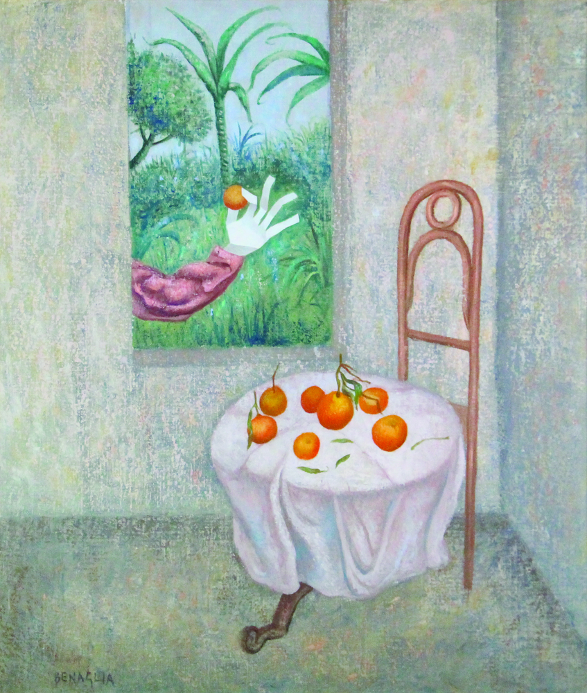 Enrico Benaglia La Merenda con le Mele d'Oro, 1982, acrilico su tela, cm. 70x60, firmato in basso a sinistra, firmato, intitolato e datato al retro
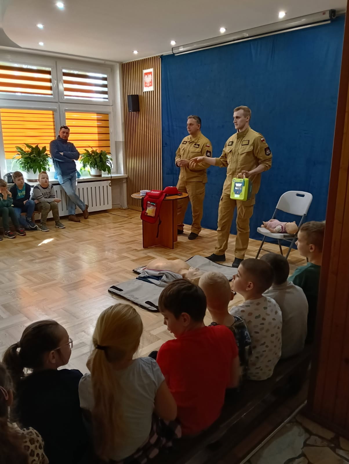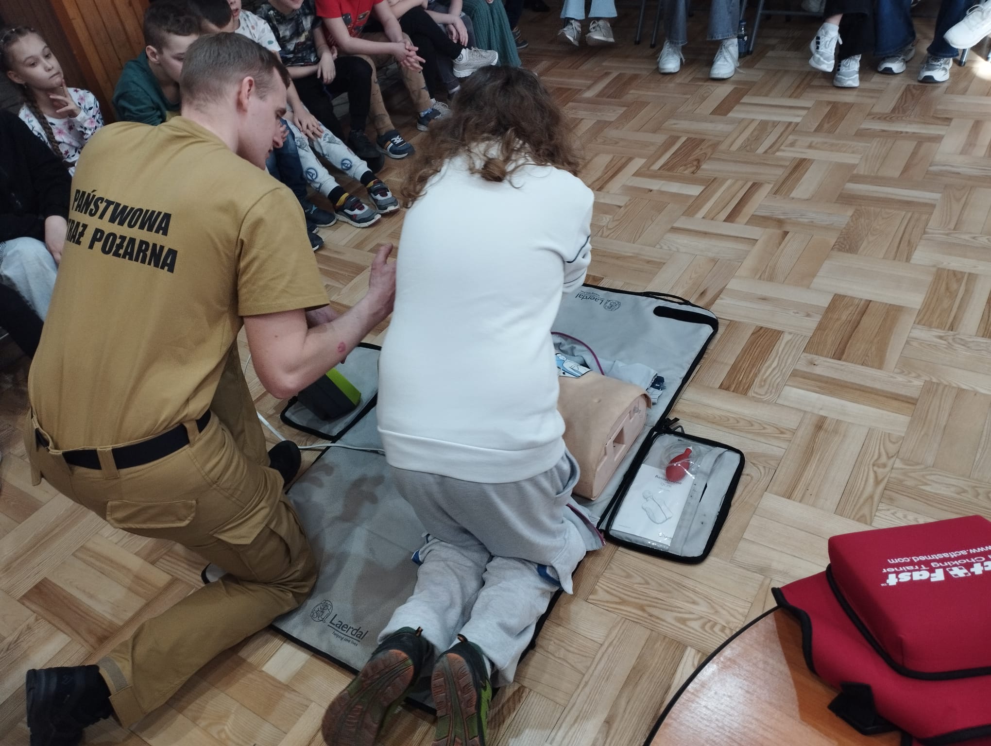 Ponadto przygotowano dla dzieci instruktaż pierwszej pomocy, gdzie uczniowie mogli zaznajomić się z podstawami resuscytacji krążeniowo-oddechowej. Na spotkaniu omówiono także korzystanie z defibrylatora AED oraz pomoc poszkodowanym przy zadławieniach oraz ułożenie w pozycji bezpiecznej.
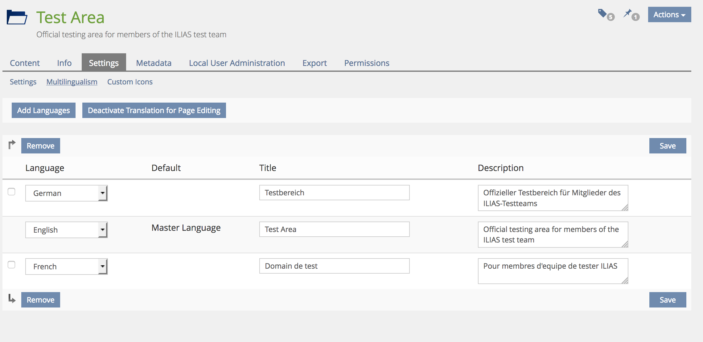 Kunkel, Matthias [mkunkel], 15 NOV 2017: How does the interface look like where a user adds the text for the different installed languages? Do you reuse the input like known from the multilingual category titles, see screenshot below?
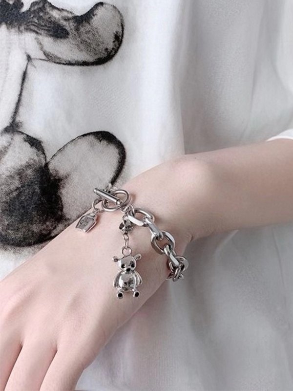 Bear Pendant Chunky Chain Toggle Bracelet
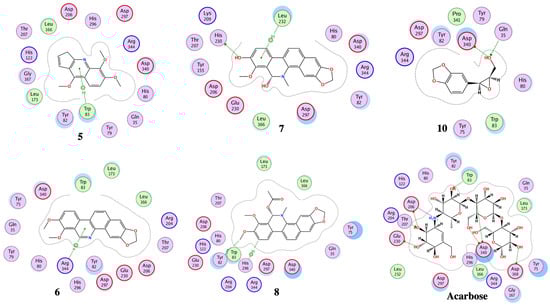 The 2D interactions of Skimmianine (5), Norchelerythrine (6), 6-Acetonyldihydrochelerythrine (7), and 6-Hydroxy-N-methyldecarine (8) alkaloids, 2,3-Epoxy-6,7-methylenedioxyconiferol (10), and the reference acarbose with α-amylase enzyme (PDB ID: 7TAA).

**TRY IT:** Would it be possible to give the material above again exactly, with the pictures left out?

**TASK ANSWER:**
 Enrico Benaglia La Merenda con le Mele d'Oro, 1982, acrilico su tela, cm. 70x60, firmato in basso a sinistra, firmato, intitolato e datato al retro
 Ponadto przygotowano dla dzieci instruktaż pierwszej pomocy, gdzie uczniowie mogli zaznajomić się z podstawami resuscytacji krążeniowo-oddechowej. Na spotkaniu omówiono także korzystanie z defibrylatora AED oraz pomoc poszkodowanym przy zadławieniach oraz ułożenie w pozycji bezpiecznej.
 Kunkel, Matthias [mkunkel], 15 NOV 2017: How does the interface look like where a user adds the text for the different installed languages? Do you reuse the input like known from the multilingual category titles, see screenshot below?
 Bear Pendant Chunky Chain Toggle Bracelet
 The 2D interactions of Skimmianine (5), Norchelerythrine (6), 6-Acetonyldihydrochelerythrine (7), and 6-Hydroxy-N-methyldecarine (8) alkaloids, 2,3-Epoxy-6,7-methylenedioxyconiferol (10), and the reference acarbose with α-amylase enzyme (PDB ID: 7TAA).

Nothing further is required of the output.